Just installed ewqlso gold and finding my way around Play (which works very well on my system)... I must say I'm impressed at how easily instruments fall into place, really smooth. So I did a little improvised track, to test the patches, legato instruments in particular, here it is:

www.robertosoggetti.com/EWGold.mp3


----------



## johan25 (Dec 11, 2010)

Nice Improv !


----------



## Rob (Dec 12, 2010)

johan25 @ 11th December 2010 said:


> Nice Improv !



thanks Johan! Well, almost improvised really, it has an improvisational approach, but I have also done some reflections about what was going on... not creating one minute music in one minute, as Bill Evans put it, but let's say one minute music in one hour...


----------



## Rob (Dec 13, 2010)

tomgahagan @ 12th December 2010 said:


> Kind of like going to a strip club... or at least what I've been told anyway.....
> 
> AWESOME... but leaves you wanting more!!!!
> 
> Thomas



:D thanks a lot Tom!


----------



## germancomponist (Dec 13, 2010)

Very cool, Rob! 
Yeah, EWQLSO rocks.


----------



## dedersen (Dec 14, 2010)

Wow. I really, really need to revisit EWQLSO. This is the second time in not too long that I've been impressed by the sound of this library, which I've neglected to use for a while now.

Great writing. Quite impressive that you can pull off this sort of thing "semi"-improvising.


----------



## Rob (Dec 15, 2010)

dedersen @ 14th December 2010 said:


> Wow. I really, really need to revisit EWQLSO. This is the second time in not too long that I've been impressed by the sound of this library, which I've neglected to use for a while now.
> 
> Great writing.

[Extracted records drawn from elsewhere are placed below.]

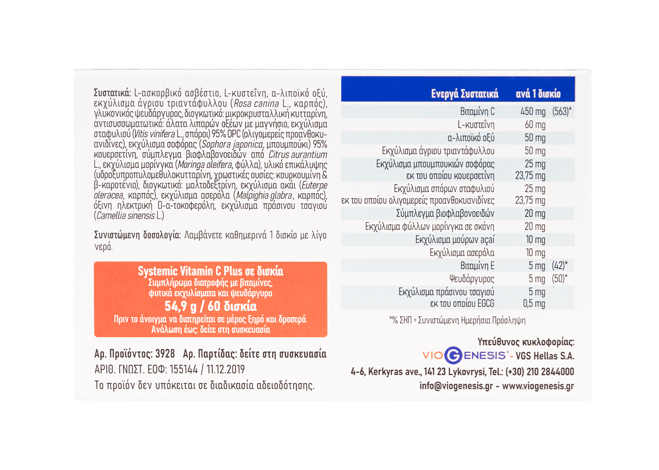 VioGenesis Systemic Vitamin C Plus 60 tabs bottle cells back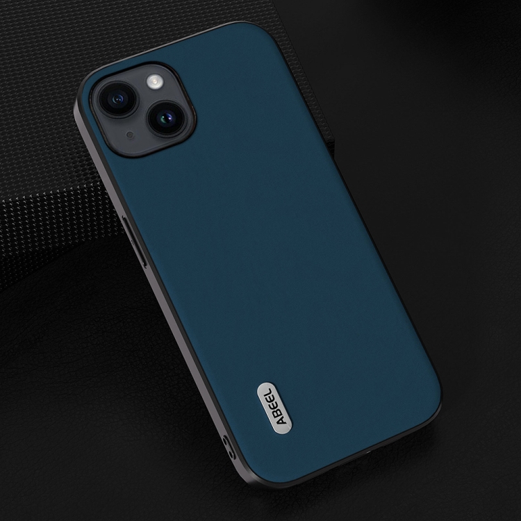 Funda de teléfono Abeel para iPhone 14 con borde negro de cuero genuino (Azul)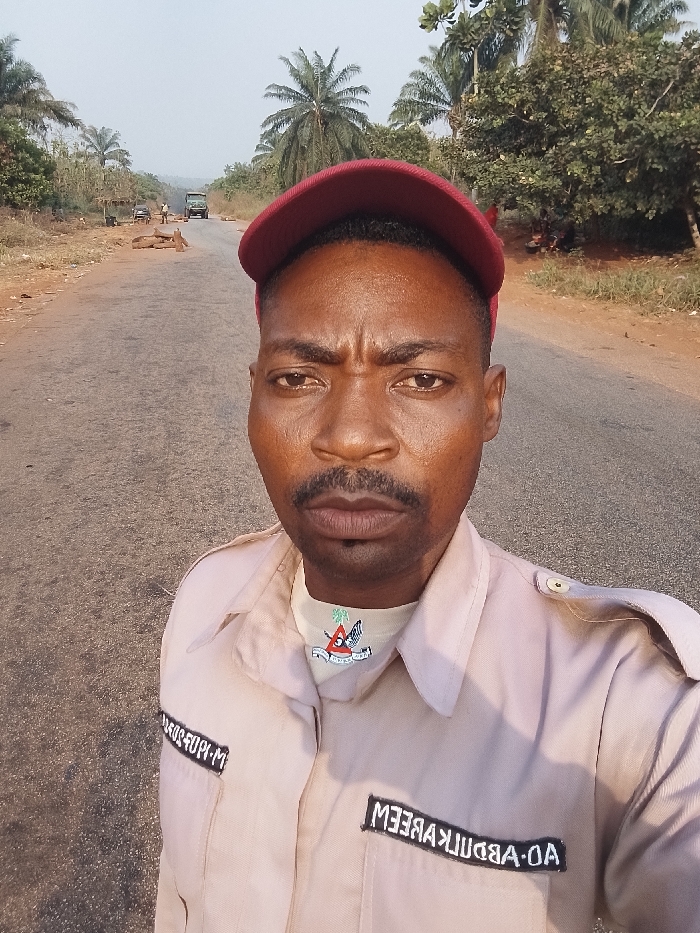 A man in a tan uniform and maroon cap stands on a paved road. His name tag reads "AO ABDULKAREEM". The background includes palm trees, and other greenery. In the distance, a truck and other vehicles are visible with some people standing next to the road.

Quite impressive that you can pull off this sort of thing "semi"-improvising.



thank you, Dedersen! I think that when sound, rhythm and timing are ok almost anything you play sounds good... if you know what you're doing, of course


----------



## Rob (Dec 15, 2010)

rayinstirling @ 15th December 2010 said:


> I nearly missed this as I haven't looked in on Guy's board for a while.
> 
> Roberto, buy the close mics, you'll have so much fun.



 I just went to the online store, and almost completed the procedure, when an inner voice told me "do you really need it?" so I escaped the trap... until next time



> As far as this piece is concerned,
> Discounted libraries being used well isn't good news for the sponsors selling new libraries.
> Enough said



I can understand that, but I hate the idea of being constantly unsatisfied with what we have, just to keep the market going...



> Loved it as usual and looking forward to the multi mic version
> 
> Ray



thanks brother


----------



## Rob (Dec 15, 2010)

stevenson-again @ 15th December 2010 said:


> gee. that was pretty impressive, musically, sonically, and temporally. if it wasn't for the headaches with PLAY.....
> 
> you're a phenomenal composer rob.



coming from you, Rohan, your comment made my day... thanks a lot!


----------